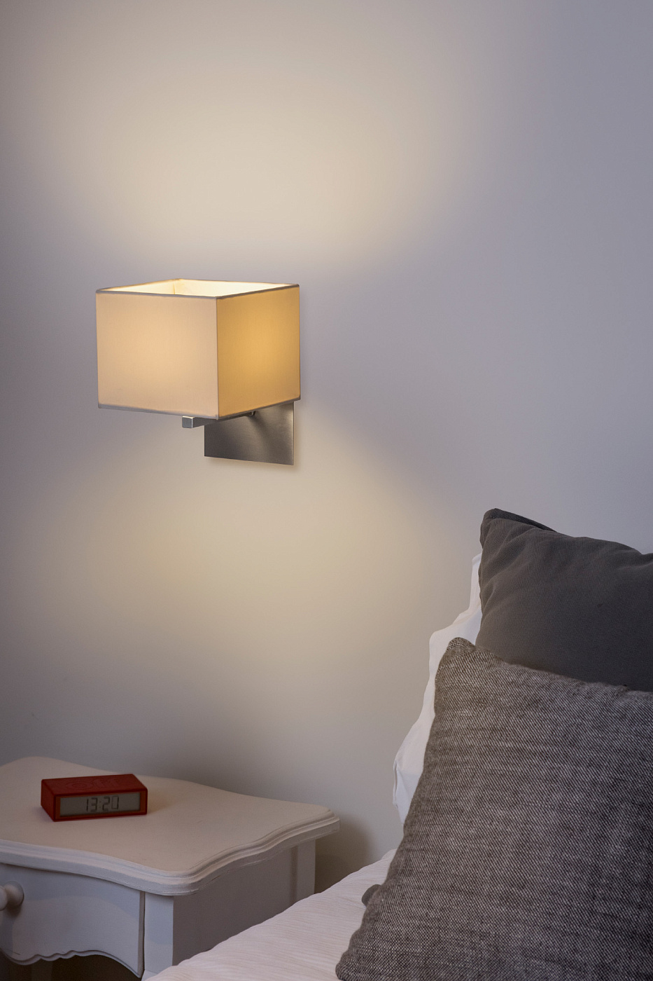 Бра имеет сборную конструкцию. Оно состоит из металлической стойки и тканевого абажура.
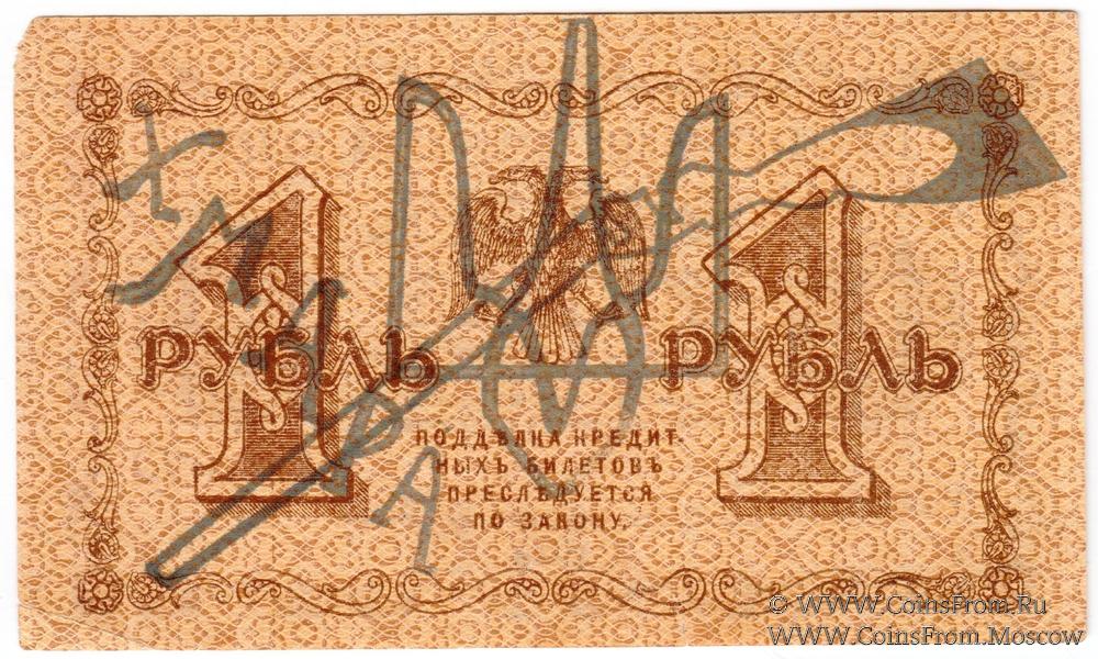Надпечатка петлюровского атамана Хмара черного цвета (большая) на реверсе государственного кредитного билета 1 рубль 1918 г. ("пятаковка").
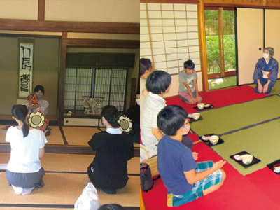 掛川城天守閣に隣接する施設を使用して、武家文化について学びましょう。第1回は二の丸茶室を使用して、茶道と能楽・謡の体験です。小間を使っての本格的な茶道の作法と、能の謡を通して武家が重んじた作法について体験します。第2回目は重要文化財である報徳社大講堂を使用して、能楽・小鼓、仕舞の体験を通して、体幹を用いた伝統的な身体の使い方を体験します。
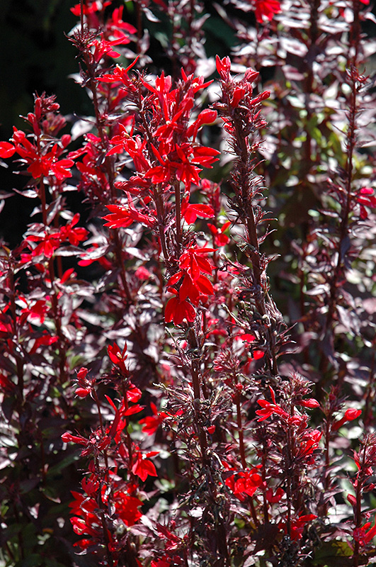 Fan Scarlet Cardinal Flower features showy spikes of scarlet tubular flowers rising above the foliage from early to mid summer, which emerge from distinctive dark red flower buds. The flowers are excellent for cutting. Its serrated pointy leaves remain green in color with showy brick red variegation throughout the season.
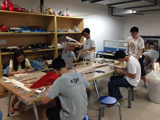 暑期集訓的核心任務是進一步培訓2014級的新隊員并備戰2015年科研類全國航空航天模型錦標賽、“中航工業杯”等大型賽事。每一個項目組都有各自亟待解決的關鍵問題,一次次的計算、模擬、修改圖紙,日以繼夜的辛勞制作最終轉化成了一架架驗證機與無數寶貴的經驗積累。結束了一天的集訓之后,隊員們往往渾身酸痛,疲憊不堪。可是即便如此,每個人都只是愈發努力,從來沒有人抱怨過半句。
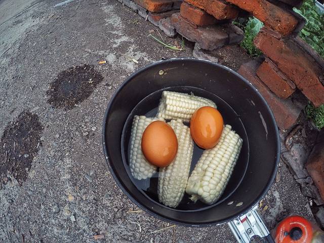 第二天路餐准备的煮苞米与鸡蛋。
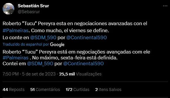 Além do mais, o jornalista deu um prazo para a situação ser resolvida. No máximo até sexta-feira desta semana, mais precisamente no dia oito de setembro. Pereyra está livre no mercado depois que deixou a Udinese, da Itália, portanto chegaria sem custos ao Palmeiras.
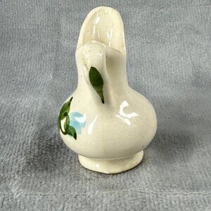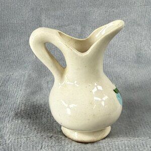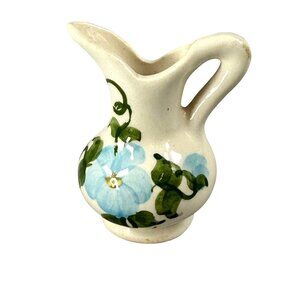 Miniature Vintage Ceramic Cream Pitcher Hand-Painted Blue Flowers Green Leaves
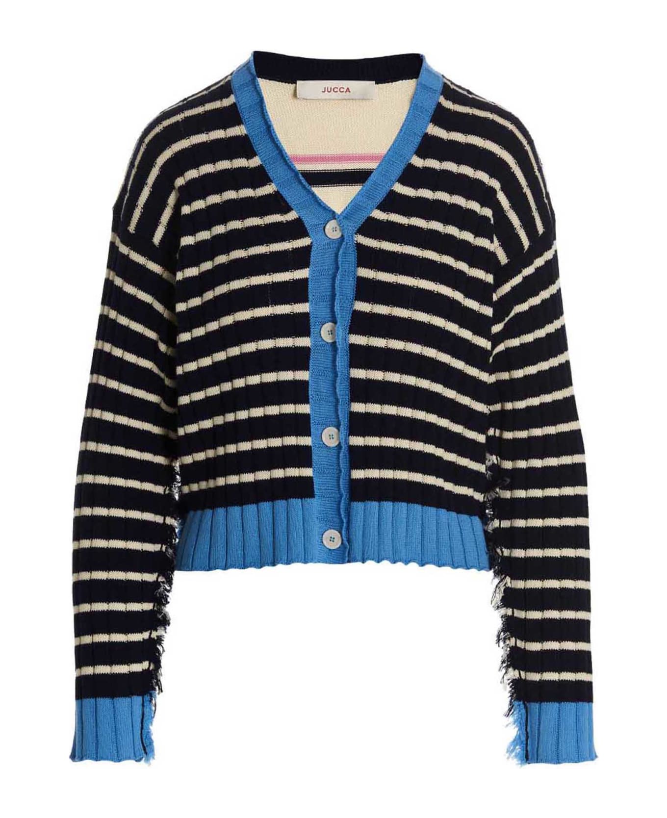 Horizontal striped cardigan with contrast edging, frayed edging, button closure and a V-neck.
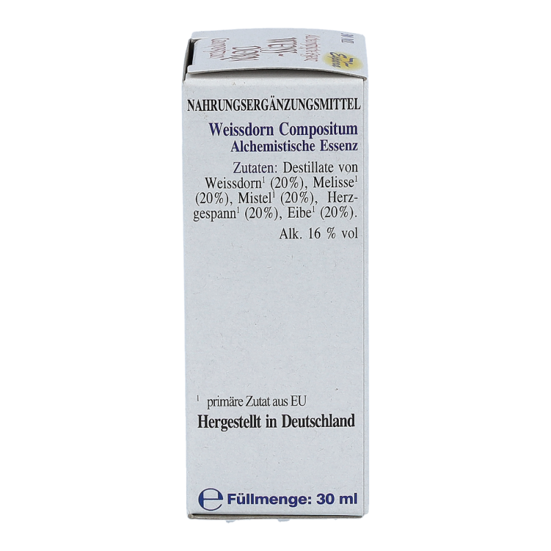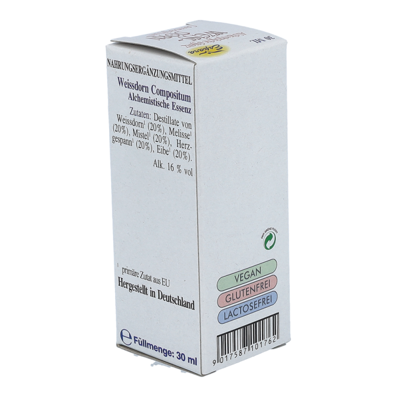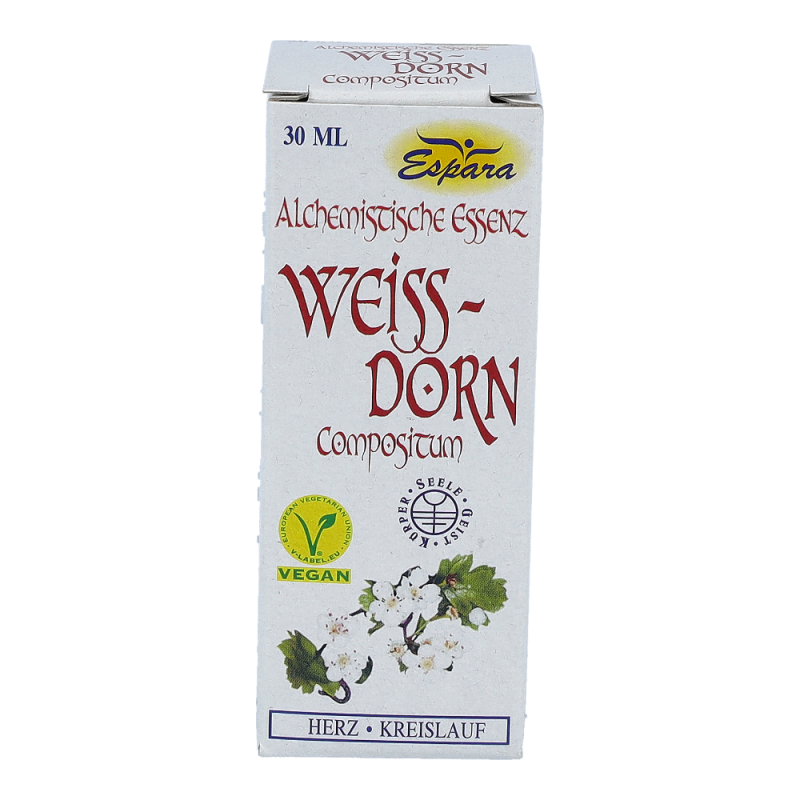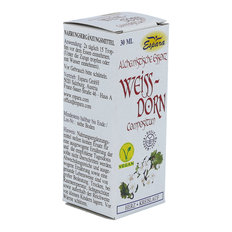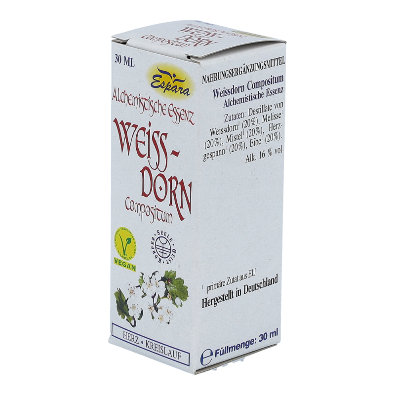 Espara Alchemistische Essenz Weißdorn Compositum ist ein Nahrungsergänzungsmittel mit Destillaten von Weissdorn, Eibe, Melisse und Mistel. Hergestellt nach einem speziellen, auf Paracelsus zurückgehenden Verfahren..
____
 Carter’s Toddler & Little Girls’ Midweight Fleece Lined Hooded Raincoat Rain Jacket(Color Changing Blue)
____
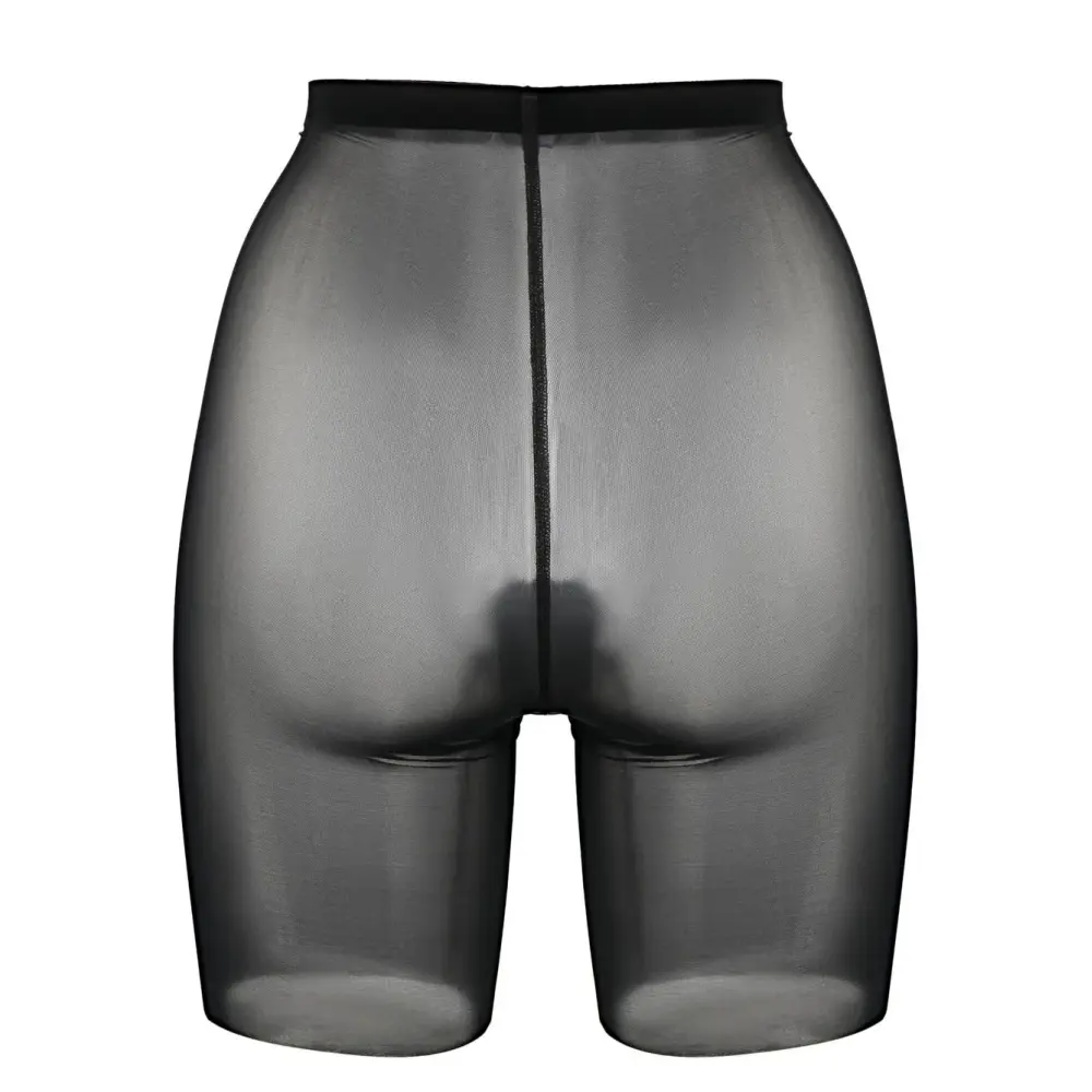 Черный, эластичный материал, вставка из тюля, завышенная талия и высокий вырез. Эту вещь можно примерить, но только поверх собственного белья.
____
▶ **Task objective**
Range to copy from the listing above: the line containing "掛川城天守閣に隣接する施設を" down to the line containing "第二天路餐准备的煮苞米与鸡蛋。", both included. Reproduce it exactly, minus the pictures, and add nothing.

▶ **Solution**
 掛川城天守閣に隣接する施設を使用して、武家文化について学びましょう。第1回は二の丸茶室を使用して、茶道と能楽・謡の体験です。小間を使っての本格的な茶道の作法と、能の謡を通して武家が重んじた作法について体験します。第2回目は重要文化財である報徳社大講堂を使用して、能楽・小鼓、仕舞の体験を通して、体幹を用いた伝統的な身体の使い方を体験します。
 Fan Scarlet Cardinal Flower features showy spikes of scarlet tubular flowers rising above the foliage from early to mid summer, which emerge from distinctive dark red flower buds. The flowers are excellent for cutting. Its serrated pointy leaves remain green in color with showy brick red variegation throughout the season.
 暑期集訓的核心任務是進一步培訓2014級的新隊員并備戰2015年科研類全國航空航天模型錦標賽、“中航工業杯”等大型賽事。每一個項目組都有各自亟待解決的關鍵問題,一次次的計算、模擬、修改圖紙,日以繼夜的辛勞制作最終轉化成了一架架驗證機與無數寶貴的經驗積累。結束了一天的集訓之后,隊員們往往渾身酸痛,疲憊不堪。可是即便如此,每個人都只是愈發努力,從來沒有人抱怨過半句。
 第二天路餐准备的煮苞米与鸡蛋。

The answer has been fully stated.